The Arab Spring protests gained notoriety largely through their shrewd leveraging of social media, a strategy that AYCM has also been quick to adopt. Jihad M’nasria, a 28-year-old Tunisian-American and self-described “social media freak,” is among the group’s mavens. Through Twitter, Facebook, and the creative deployment of photos and video, M’nasria and her team have built an alliance that is growing both numerically and geographically: Against a far wall, two Kurdish Iraqis strategize tersely in their home language. And they've only just begun to build their coalition. “We’ve been working on what we’re going to do once the COP is over,” M’nasria says. “We plan to get involved in research and education in schools over the next five years.” 

For now, though, the Arab Youth are enjoying the ride.

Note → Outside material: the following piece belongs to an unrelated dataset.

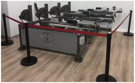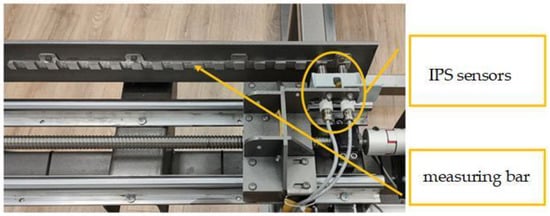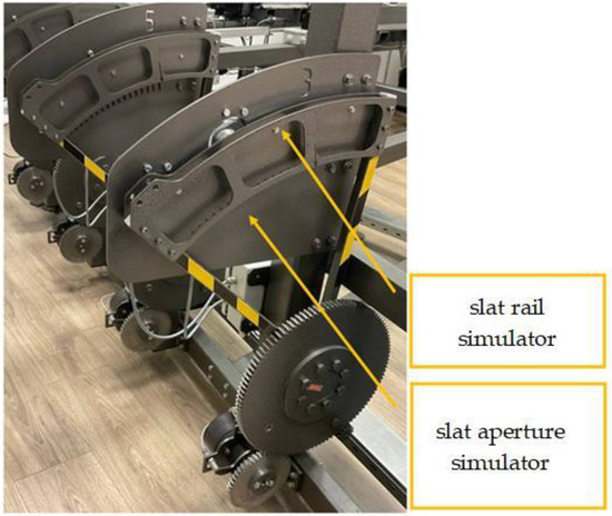 The stand was an automated complex for full-scale simulation of the operation of the SCS. The stand was based on a metal frame that replicated the shape of an aircraft wing part, on which eight simulators were fixed (4 flap simulators—Figure 9 and Figure 10, and 4 slats simulators—Figure 11 and Figure 12). In the slider simulator, the slat was attached to the rail simulator, and IPS was attached to the aperture simulator. The bar moved relative to the fixed sensors during the slat extending/retracting process. In the flap simulator, the bar was installed on the rail simulator, and the sensors were on the carriage simulator. During flap extending/retracting, the sensors moved along the fixed bar. In the event of a skew, the slat rail or flap carriage, fixed on one of the edges of the mechanization section, stopped while the mechanization section fixed on the other edge continued to move.

According to Saif, their recent march through the streets of downtown Doha was covered by 130 different media outlets. “We’re the hot new thing around here,” Saif says. “Everyone wants to talk about us.”

Still, the movement’s leaders profess that they won’t be satisfied until they’ve secured emissions-reduction pledges from their home countries – and, considering that many of AYCM’s members come from OPEC states that would sooner give up oxygen than oil, extracting those pledges might be like drawing water from the desert. “We sat down for a long meeting with the negotiators yesterday, and it went well,” said al-Olaimy on Tuesday. He smiled slightly when he added, “Of course, there’s a difference between access to power and influence over power.”